Ralph Breaks the Internet may be a sequel to Wreck-It Ralph, the popular Walt Disney Animated Studios film from 2012, but it has more in common with The LEGO Movie, the non-Disney animated film two years later.
Ralph, like LEGO, is set in an animated fictional realm that allows the usage of disconnected intellectual property, but in a way that's somehow both entertaining and surprisingly moving. Equal parts funny, touching, and great-looking, Ralph Breaks the Internet is the rare animated sequel that's better than the original.
While the first Wreck-It Ralph concerned the adventures of Ralph (voiced by John C. Reilly), the villain in a 1980s-style arcade video game, the new film moves the action to the Internet.
As with the first film, the action is set within the power strip back-end of a video arcade, where the characters go after long days of “work” within their games. As the new film opens Sugar Rush, the arcade video game starring Vanellope (Sarah Silverman), is in danger of being unplugged, a fate which would leave Vanellope and all of the other characters in the game homeless. So she and Ralph must enter "the Internet" in order to place an order and fix the game.

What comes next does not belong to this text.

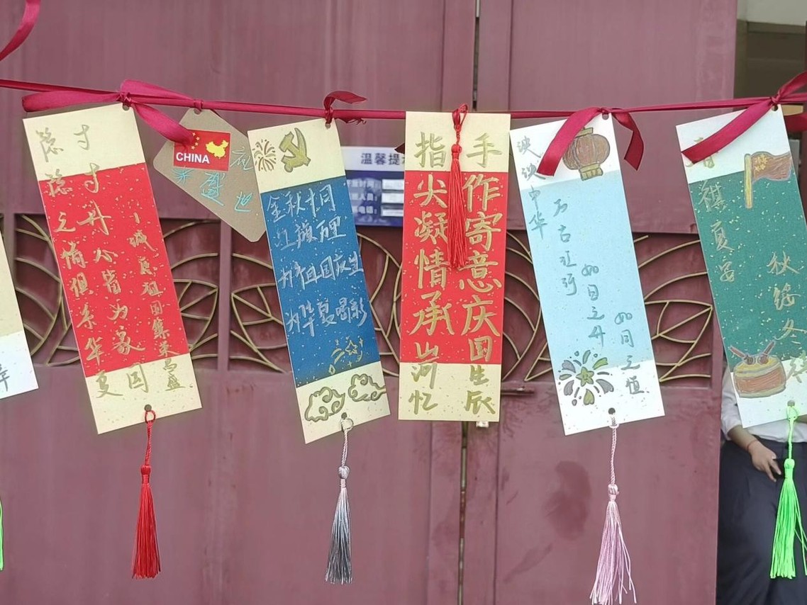 (书签上满是同学们对祖国的热爱与祝福)

While the first film was mostly about Ralph's quest as a longtime villain to gain the respect of his video game peers, the sequel establishes early on that the friendship between Ralph and Vanellope is the most important thing by far. This applies surprisingly huge emotional stakes to the story, which the film delivers on.
The other great thing Ralph Breaks the Internet does is the way it visualizes the Internet. There are approximations of Amazon, Google, and other web touchstones, as well as various video games, including a Grand Theft Auto-like game that stars Gal Gadot as a sports car-driving sexpot. It's very clever, and rendered in consistently beautiful animation.
But beyond that, Ralph makes smart use of intellectual property, most of it Disney's. Everything involving a group of Disney princesses is gold, from their jokes to their shirts, including one that's at corporate sibling Pixar's expense.
These uses, importantly, never seem to be unfairly exploiting other people's creations in ways that don't feel natural or true, unlike the all-around abomination that was Steven Spielberg's Ready Player One. We don't get anything nearly as offensive as that film's dive into Stanley Kubrick's The Shining, or its use of The Iron Giant as a killing machine.
This idea has so much potential that it's a shame it's a kid’s movie, as it leaves a lot of potential satirical topics on the table. There are, however, references to spam and the Dark Web. I liked the way it depicts humans as boxy, zoned-out robots while they’re on the Internet. But I'm wondering why the pop-up scam character is a friend and not a villain.
Ralph Breaks the Internet was directed by Rich Moore and Phil Johnston, and it marks the first Walt Disney Animation Studios release since the #MeToo-related departure of longtime company executive John Lasseter, although Lasseter retains an executive producer credit. This hasn't been a banner year for animated features, but Ralph Breaks the Internet is the best I've seen in 2018.